#### MATERIAL PROVIDED:
Content starts

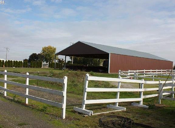 Equestrian Gentlemans ranch located less than a few miles to the city. This 5 plus acres ranch includes a lovely 4 bedroom, 2.5 baths, tons of upgrades, beautiful kitchen with stainless appl, convec. oven, custom cabs, tile and wood floors, copper framed fireplace, walk in tile shower, glass doors lead to the pergola covered deck, 60x120 covered riding arena, 36x26 shop, 5 stall hay barn w/tack room, paddocks w/shelters, fenced.
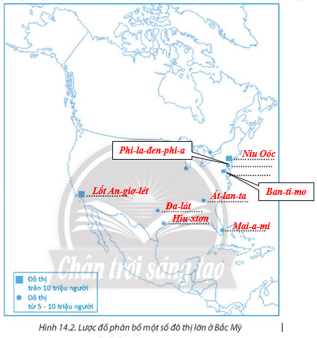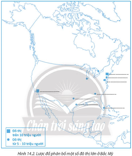 + Các đô thị ở Bắc Mỹ phân bố không đều, tập trung chủ yếu ở khu vực Đông Bắc, ven Hồ Lớn do đây là những khu vực phát triển công nghiệp sớm; thưa thớt ở phía Bắc Ca-na-đa và khu vực nội địa Bắc Mỹ do đây là những vùng có điều kiện tự nhiên ít thuận lợi.
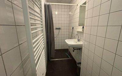 De kamer beschikt over een eigen wastafel. Het pand heeft drie keukens en twee badkamers die worden gedeeld met 8 huurders..

Content ends

#### WHAT TO WORK ON:
Repeat only the lines from the beginning of the material through the line containing "ít thuận lợi.", both ends kept, leaving pictures out.

#### SOLVED PROBLEM:
 Equestrian Gentlemans ranch located less than a few miles to the city. This 5 plus acres ranch includes a lovely 4 bedroom, 2.5 baths, tons of upgrades, beautiful kitchen with stainless appl, convec. oven, custom cabs, tile and wood floors, copper framed fireplace, walk in tile shower, glass doors lead to the pergola covered deck, 60x120 covered riding arena, 36x26 shop, 5 stall hay barn w/tack room, paddocks w/shelters, fenced.
 + Các đô thị ở Bắc Mỹ phân bố không đều, tập trung chủ yếu ở khu vực Đông Bắc, ven Hồ Lớn do đây là những khu vực phát triển công nghiệp sớm; thưa thớt ở phía Bắc Ca-na-đa và khu vực nội địa Bắc Mỹ do đây là những vùng có điều kiện tự nhiên ít thuận lợi.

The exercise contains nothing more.